Each female salmon can lay up to 3000 eggs. After several months the eggs hatch into larvae with attached lunch bags; each “sac” holds some remaining yolk for feeding. When they run out of yolk, they must leave their gravel nest and begin eating plankton. It takes up to 3 years to become good swimmers and gain their camouflage spots. They also grow silvery scales to visually confuse future predators. Their resilience and adaptability are impressive despite dire odds. An estimate is that out of one salmon’s 2000-3000 eggs, only 4-5 survive for an ocean adulthood.

Salmon form “schools” or community with other salmon; they swim far from spawning territory to find deep-sea feeding. In returning “home” they stop eating. Despite their great stamina, they face many trials. They experience exhaustion. Death from high temperatures, parasites, and disease are possibilities for those that escaped predators such as seals, sea lions, sharks, orca whales and human fishing. The Pacific salmon and most Atlantic salmon die within a couple of weeks post-spawning. In the circle of life, salmon decomposing bodies release inorganic nutrients to the plankton. Scavenger animals descend. Change is constant.

We can identify with salmon and their challenging upstream-swimming effort. Adaptability and resilience are requirements for human constant changes.

Weather changes deliver spontaneous opportunities for adaptability. During a 1-hour morning trip to Seattle, there were 4 periods of fog suddenly dropping a dusty curtain that felt as though dusk was fast approaching. Fog is visually confusing. Cars adjusted their speed initially. With similar weather stealth, brilliant sunshine swept the highway clean each time. Sightlines were sparkling again.
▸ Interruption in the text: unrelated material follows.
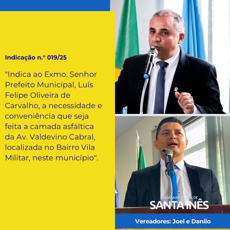 Indicação do Presidente da Câmara Municipal Joe da sinuca, e do Vereador Danilo

Isn’t this the way one’s consciousness drifts from cognizant present time to murky moments where timely vision seems impaired? Weather changes are as sudden as consciousness changes. When murky moments take over, there can be dire consequences.

Perhaps our most important moments occur when we catch ourselves losing track of clear-sightedness. We must choose our focus. We must find our swimming community. We must be persistent. As Bob Dylan reminded us in 1964, The Times They Are A-Changin’ — “If your time to you is worth saving / Then you better start swimmin’ or you’ll sink like a stone.”
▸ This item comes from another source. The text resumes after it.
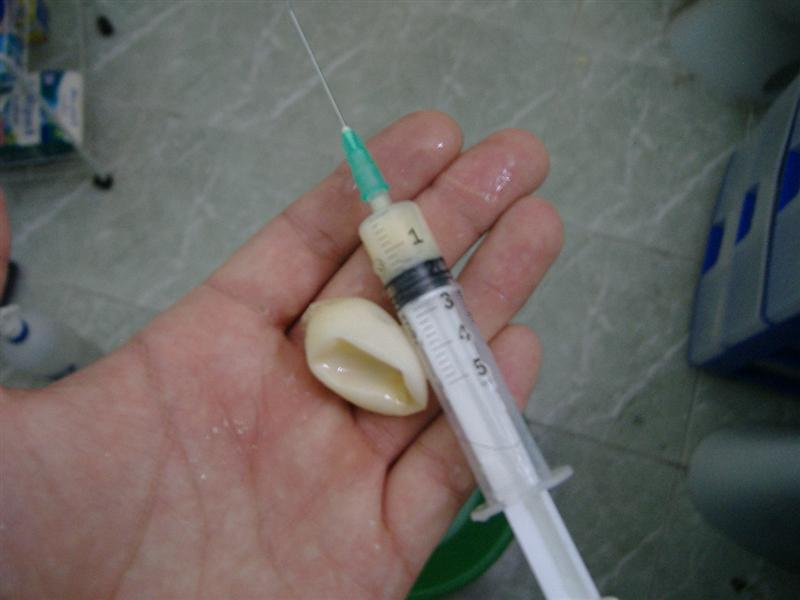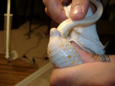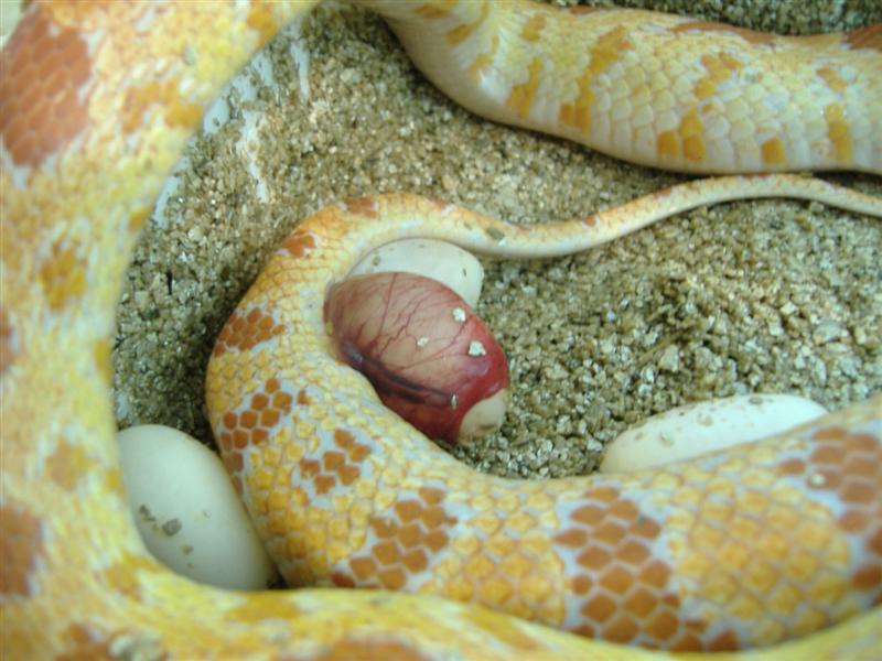 Tengo que agradecer a Rakel (Yalike) que me echara un cable via msn, dándome consejos en todo momento. Como la piel que envolvía al huevo (el prolapso) era muy fina y casi sin capilares sanguíneos, Yalike me sugirió pinchar con cuidado a través de ella, y eso hice. Lo malo es que la serpiente tiró hacia adentro del prolapso, y como el huevo aún no estaba suficientemente desinflado, esa presión desgarró la piel interna. :(

Pearls of Peace (PoP) Quiz

450. When you realize your murky moments settling like thick fog, how do you emerge from this state of mind?

451. How might you increase your resilience and adaptability?    

Tender Gratitude

“Thankfulness finds its full measure in generosity of presence, both through participation and witness. We sit at the table as part of every other person’s world…this is the essence of gratefulness…Thanksgiving happens when our sense of presence meets all other presences. Being unappreciative might mean we are simply not paying attention” (Canadian American cultural writer David Brooks, How to Know a Person: The Art of Seeing Others Deeply and Being Deeply Seen).  

Another writer’s definition of gratitude also aligns with the importance of attention in the present moment: “Gratitude is not a passive response to something we have been given; gratitude arises from paying attention, from being awake in the presence of everything that lives within and without and beside us. Gratitude is not necessarily something that is shown after the event, it is the deep, a-priori state of attention that shows we understand and are equal to the gifted nature of life” (Irish poet David Whyte, Consolations: The Solace, Nourishment and Underlying Meaning of Everyday Words).  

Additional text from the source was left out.